In the Qur'aan, it's not pronounced if we stop. That is the only correct way. If it is pronounced as we stop, it is an odd dialectal feature, but usually a different language - turkish or persian.


----------



## Arabus

There is no dialectical difference. People normally would not pronounce the final t, but some people pronounce it because of the influence of the literary language. That is all. All spoken dialects naturally drop the final t, except for some marginal rural dialects in Palestine (now called Israel) and in Mount Lebanon. These dialects are very rarely heard nowadays. People who speak those dialects would say _khamsat_ instead of _khamsa_ for five, but this is very exceptional and I don't think any of you will ever hear it in reality. ​


----------



## Learning Arabic

Generally, in formal speech, when you have a taa marbuta or a hamza at the end, you don't pronounce it if it's at the end of the sentence.  And there are examples of this being done even in classical times, where a person would mention that they were unsure if what a person said was one word or another (because they weren't sure if it was the word that ended with a hamza or ith  taa marbuta).  And in terms of Quranic reading, these two aren't pronounced if it's at the end of the "sentence".


----------



## Tracer

Arabus said:


> All spoken dialects naturally drop the final t, except for some marginal rural dialects in Palestine...... People who speak those dialects would say _khamsat_ instead of _khamsa_ for five, but this is very exceptional and I don't think any of you will ever hear it in reality.​


In your opinion, would they also say JIDDAT (جدّة ) for the Red Sea port city in Saudi Arabia?
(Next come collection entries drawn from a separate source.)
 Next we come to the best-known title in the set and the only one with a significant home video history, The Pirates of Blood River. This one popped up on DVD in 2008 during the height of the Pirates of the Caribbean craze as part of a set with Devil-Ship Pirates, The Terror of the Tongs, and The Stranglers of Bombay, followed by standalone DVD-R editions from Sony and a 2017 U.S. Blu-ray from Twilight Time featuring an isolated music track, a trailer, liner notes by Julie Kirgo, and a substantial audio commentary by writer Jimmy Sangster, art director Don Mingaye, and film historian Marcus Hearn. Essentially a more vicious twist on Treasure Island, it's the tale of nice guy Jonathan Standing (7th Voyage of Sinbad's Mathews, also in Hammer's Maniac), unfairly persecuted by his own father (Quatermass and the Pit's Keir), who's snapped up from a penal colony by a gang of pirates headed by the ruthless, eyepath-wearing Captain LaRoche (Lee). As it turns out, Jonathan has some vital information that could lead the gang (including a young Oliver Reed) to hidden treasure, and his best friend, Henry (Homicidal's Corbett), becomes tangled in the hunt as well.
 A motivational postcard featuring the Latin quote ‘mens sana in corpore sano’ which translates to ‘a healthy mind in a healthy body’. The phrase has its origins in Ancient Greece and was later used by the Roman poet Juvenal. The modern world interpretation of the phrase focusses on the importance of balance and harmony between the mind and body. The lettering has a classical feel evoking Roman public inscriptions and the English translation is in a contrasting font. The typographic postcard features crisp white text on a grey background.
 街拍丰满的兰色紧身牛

Or AL_QAHIRAT ( القاهرة‎ ) for Cairo?  That would be highly unusual indeed.​


----------



## clevermizo

Arabus said:


> There is no dialectical difference. People normally would not pronounce the final t, but some people pronounce it because of the influence of the literary language. That is all. All spoken dialects naturally drop the final t, except for some marginal rural dialects in Palestine (now called Israel) and in Mount Lebanon. These dialects are very rarely heard nowadays. People who speak those dialects would say _khamsat_ instead of _khamsa_ for five, but this is very exceptional and I don't think any of you will ever hear it in reality. ​



That's interesting. I thought in Syria 7ayāt was commoner than 7ayā. So it's always 7ayā?


----------



## Arabus

No. I said:


Arabus said:


> People normally would not pronounce the final t,  but some people pronounce it because of the influence of the literary  language.


_7ayā/7ayāt_ are interchangeable in Syria as well as in Arabia and everywhere. There is no dialectical difference.
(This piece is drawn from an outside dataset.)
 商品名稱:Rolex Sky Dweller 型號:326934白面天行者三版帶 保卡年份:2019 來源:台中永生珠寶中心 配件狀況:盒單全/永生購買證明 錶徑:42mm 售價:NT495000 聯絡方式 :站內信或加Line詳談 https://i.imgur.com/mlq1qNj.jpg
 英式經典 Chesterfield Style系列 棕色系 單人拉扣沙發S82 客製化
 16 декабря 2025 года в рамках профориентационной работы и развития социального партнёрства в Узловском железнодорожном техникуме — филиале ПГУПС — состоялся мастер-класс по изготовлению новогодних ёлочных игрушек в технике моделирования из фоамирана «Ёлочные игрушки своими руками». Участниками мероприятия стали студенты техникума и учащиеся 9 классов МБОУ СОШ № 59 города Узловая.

The original form in Syrian is _7aya_, like in the expression _been el-7aya wel-moot_ بين الحياة والموت.

When you try to study the etymology of spoken Arabic words you must take into consideration the influence of the literary language on the spoken language, which is an immense influence.​


----------



## clevermizo

Arabus said:


> _7ayā/7ayāt_ are interchangeable in Syria as well as in Arabia and everywhere. There is no dialectical difference.



Thanks for clarifying. I am aware that the literary language has a huge effect on spoken language; I was just mistaken in thinking this particular example was that of a dialectal difference.


----------



## yuyu99

Muwahid said:


> I almost never hear the word حياة with the final /t/ in spoken Arabic.
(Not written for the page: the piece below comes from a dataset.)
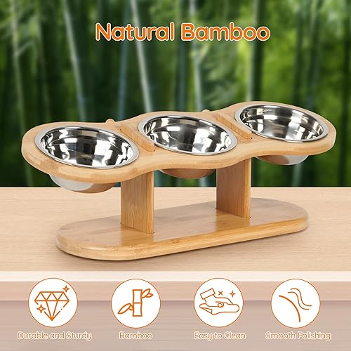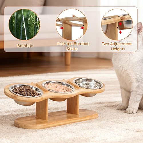 3 Bowl Cat Feeder : This raised cat food and water bowl stand includes 3 stainless steel bowls that are strong, easy to clean to maintain hygiene and cleanliness and avoid cat black chin, making it better for your pet to eat and more convenient and easier for you to take and replace the bowl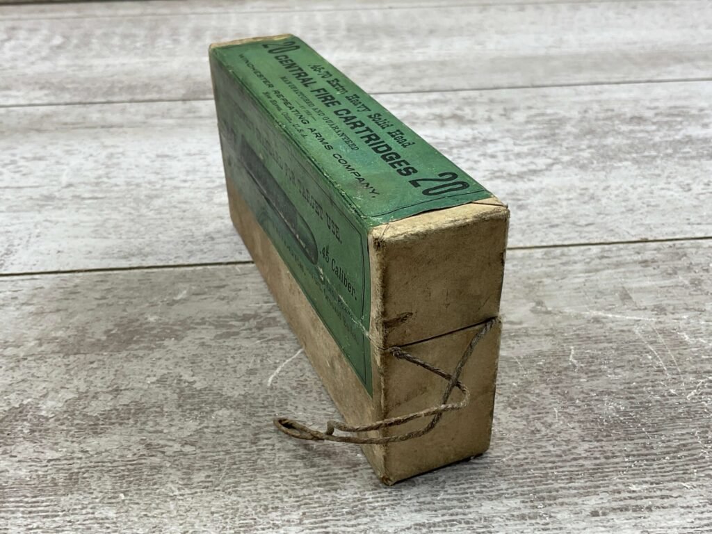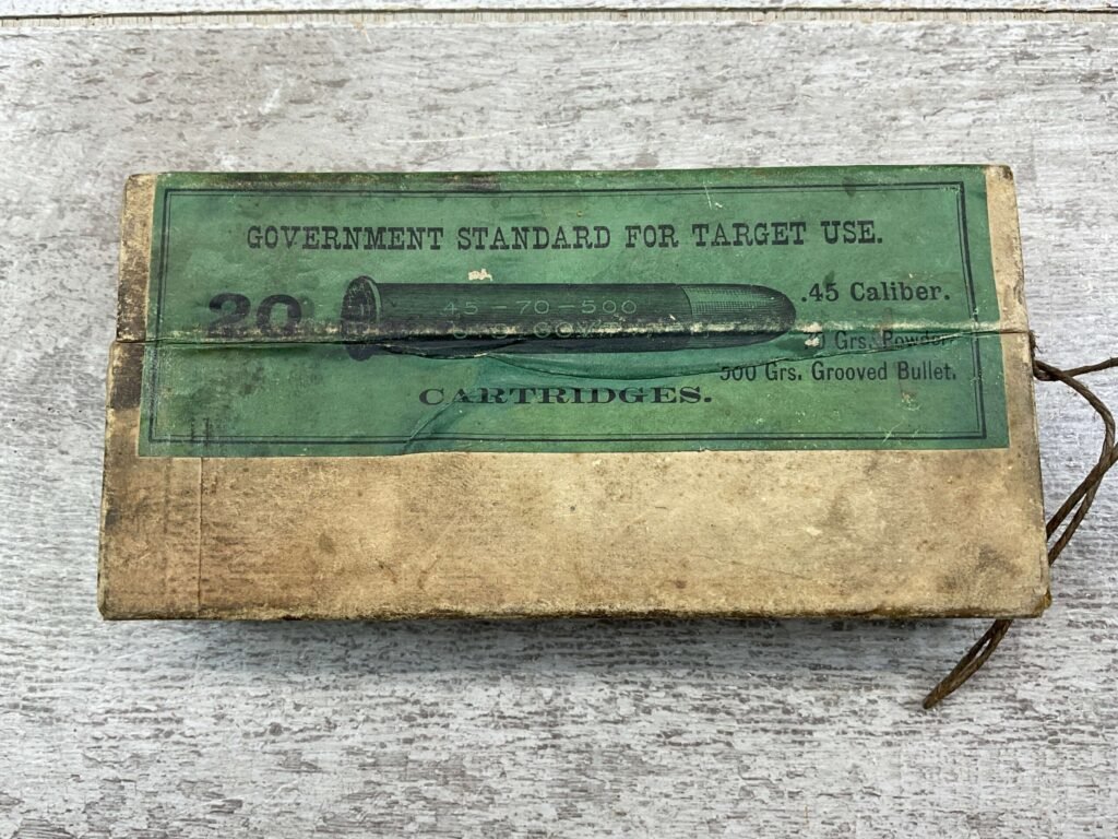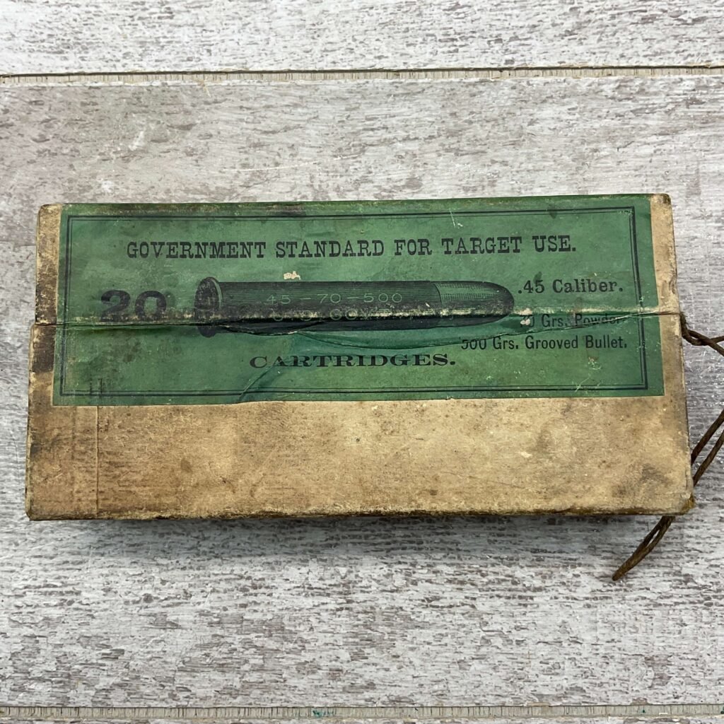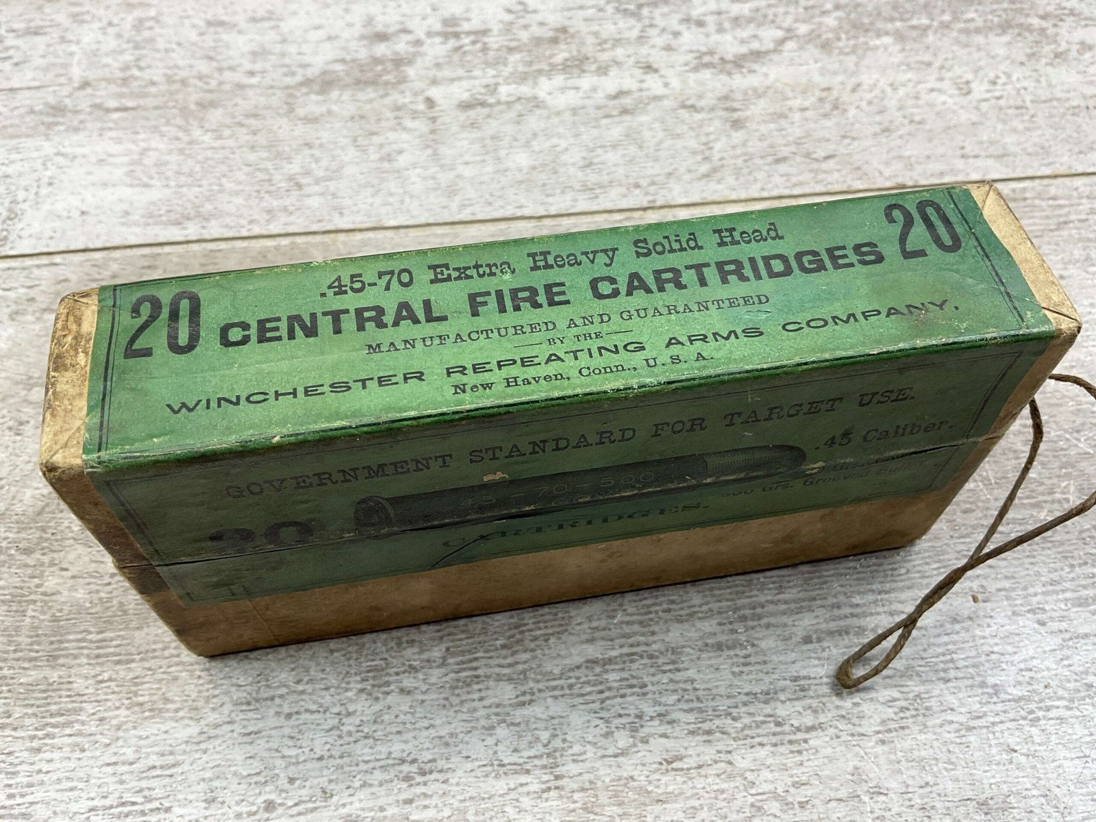 WINCHESTER GOV .45-70 CALIBER 500 GRAIN GROOVED BULLET, QTY 20, RARE, UNOPENED, BOX WINCHESTER REPEATING ARMS COMPANY, GOVERNMENT STANDARD, FOR TARGET USE .45-70 CALIBER, 500 GRAIN BULLET,  EXTRA HEAVY SOLID HEAD CENTRAL FIRE CARTRIDGES, QTY 20, BOX SHOWS NORMAL WEAR, COLORS AND TEXT IS IN EXC CONDITION, STRING TO OPEN THE BOX ARE STILL INTACT.

I used that as another example because in both Arabic and English the newspaper الحياة is pronounced "al-hayāt" rather than "al-hayāa"...


----------



## Ihsiin

Learning Arabic said:


> Generally, in formal speech, when you have a taa marbuta or a hamza at the end, you don't pronounce it if it's at the end of the sentence.  And there are examples of this being done even in classical times, where a person would mention that they were unsure if what a person said was one word or another (because they weren't sure if it was the word that ended with a hamza or ith  taa marbuta).  And in terms of Quranic reading, these two aren't pronounced if it's at the end of the "sentence".



I don't agree regarding the hamza. I, at least, always pronounce word final hamzas.

I have never pronounced, nor heard pronounced in the modern vernacular, صلاة as salaat. I've always pronounced it salaa.
As for حياة, I've heard both 7ayaa" and 7ayaat used somewhat interchangeably. Same goes for وفاة.


----------



## Serafín33

clevermizo said:


> Thanks for clarifying. I am aware that the  literary language has a huge effect on spoken language; I was just  mistaken in thinking this particular example was that of a dialectal  difference.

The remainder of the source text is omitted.